Lisa McInerny, Sally Rooney and Joanna Walsh @ Manchester Literature Festival
October 16, 2017
Irish writers Lisa McInerney, Sally Rooney, and Joanna Walsh introduce their new writings. Each different, yet all beautiful disturbing and intensely funny.
Lisa McInerney spoke about her new novel The Blood Miracles, which takes a character from her prior novel The Glorious Heresies. The Blood Miracles is occupied with the loneliness of being outside of a tribe. It addresses the criminal underworld: a novel full of pathos, verve, and electricity. Ryan, the novel’s protagonist, is described by McInerney as ‘a bit of a scut’. He’s 20, a drug dealer, and a part of a gangster circle. The novel follows his life and the lives of several disparate individuals in modern day Cork. We all know a Ryan, and we all love and hate a Ryan at the same time. He’s a geezer, a bit of a gimp; a lovable fuck-up. In this sense, it is a realist novel. Gritty, but also beautifully hilarious. It’s full of warm humour, a kind of crude laughter you’d have with your friends. There are moments when you feel as though you’re Ryan’s sister, then his friend, his mother or partner. McInerney invites you as a reader into Ryan’s world, a world which by the end of the novel you recognise as your own.
Sally Rooney introduced her first published novel Conversations with Friends. Told from the perspective of Francis, a character Rooney described as alike McInerney’s Ryan in some ways, the novel explores friendship, love, and youth. It is set in the modern age which we are all trying to live in and, through the character of Francis, Rooney explores the condition of being a young, gifted, but self-destructive woman in this new-age. It is a story which reaches out and connects itself to so many young women of today. Whether you’re an aspiring writer, artist, doctor, lawyer, or officer, Rooney explores the fundamental aspects of life we as young women all face. Through the struggles young Francis faces, the story she unfolds is completely heart-warming. We can all see a part of ourselves in Francis. Her friends are just like your friends. Some we love, some we find more difficult; but all we each encounter at some time or another nonetheless. The novel is composed of beautifully crafted language, one which at the drop of a line can turn from warm to cold.
The last of the three writers to speak was Joanna Walsh. A style slightly different to the other two writers, Walsh’s novel tackles the short attention span of the modern reader. Her novel, eloquently written, is one about relationships and communication and how communication is the thread which knits together relationships. It is a novel about the evolution of communication: about the complexity of words, grammar, language, and how they can fog up what people are trying to say.
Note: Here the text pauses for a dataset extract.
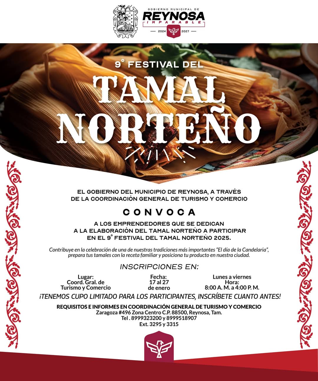 Una invitación a la novena edición del Festival del Tamal Norteño 2025 dio a conocer el Presidente Municipal Carlos Peña Ortiz, para los emprendedores que quieran posicionar sus tamales con la receta familiar en nuestra ciudad, Reynosa, Imparable en tradiciones mexicanas.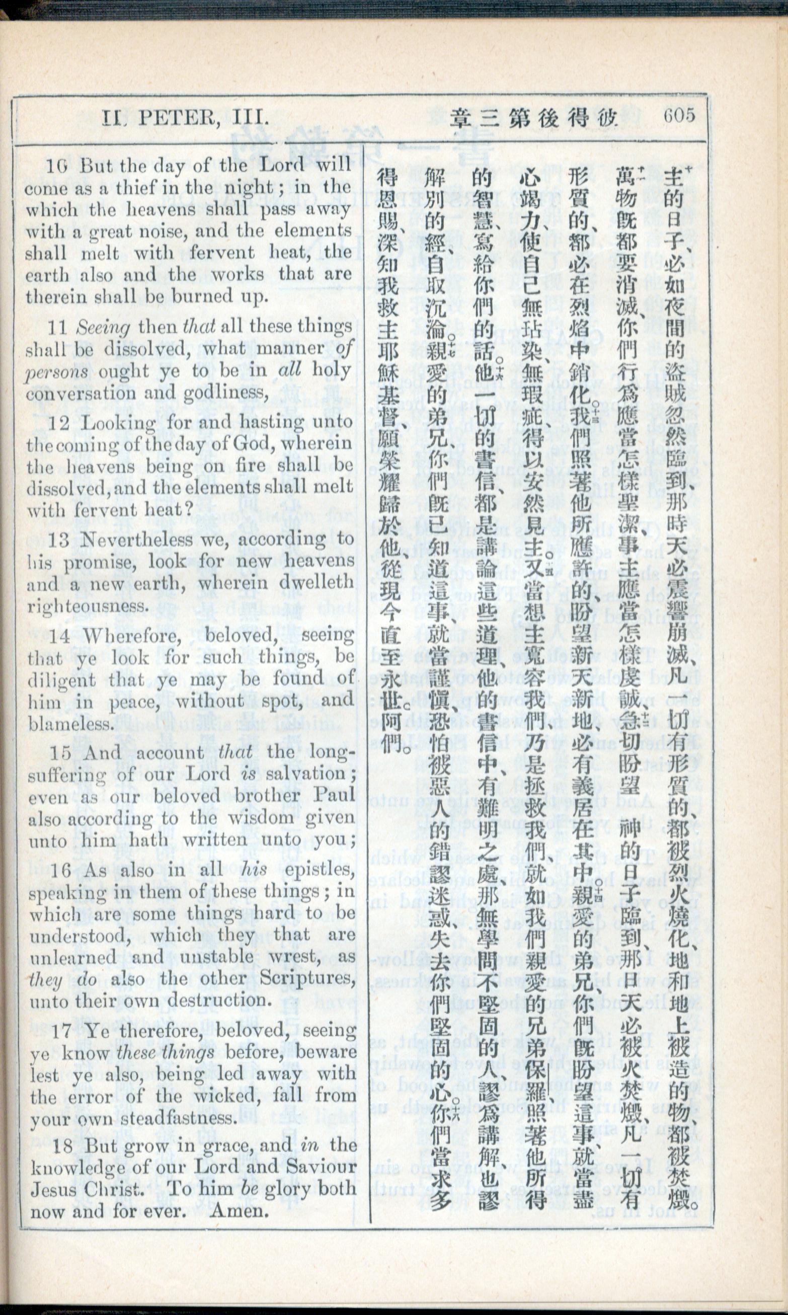 1908年新约全书(中西字) 彼得后书 3 章 10 节到 3 章 18 节

Walsh quotes that ‘words failed us a while ago’. Her new collection of stories Worlds from the Worlds End, is a beautifully crafted linguistic critique.
One thing which brought these three female writers together was language. The anxieties surrounding language as communication, but also the necessity of it. What each novelist’s protagonist tries to say to the other characters, but also what they don’t say. In each novel there is an underlying fear in each speaker that language will not fulfil what they want to say. Within this theme, each writer has an occupation with technology, and how modern communication is influenced by technology. How now, in the modern day, we communicate over text and emails, thus allowing our impulse to control and overthink spiral. We can spend hours writing and re-writing an email to get it ‘perfect’. Language is no longer spontaneous, so many of us has a fear of speaking on the phone or in an interview. A fear of ‘off the cuff’ speech; speech that we haven’t had days to prepare. Anyone can give a talk, but it’s the question and answer session that we all dread: what if someone asks a question new we haven’t got an immediate answer for!?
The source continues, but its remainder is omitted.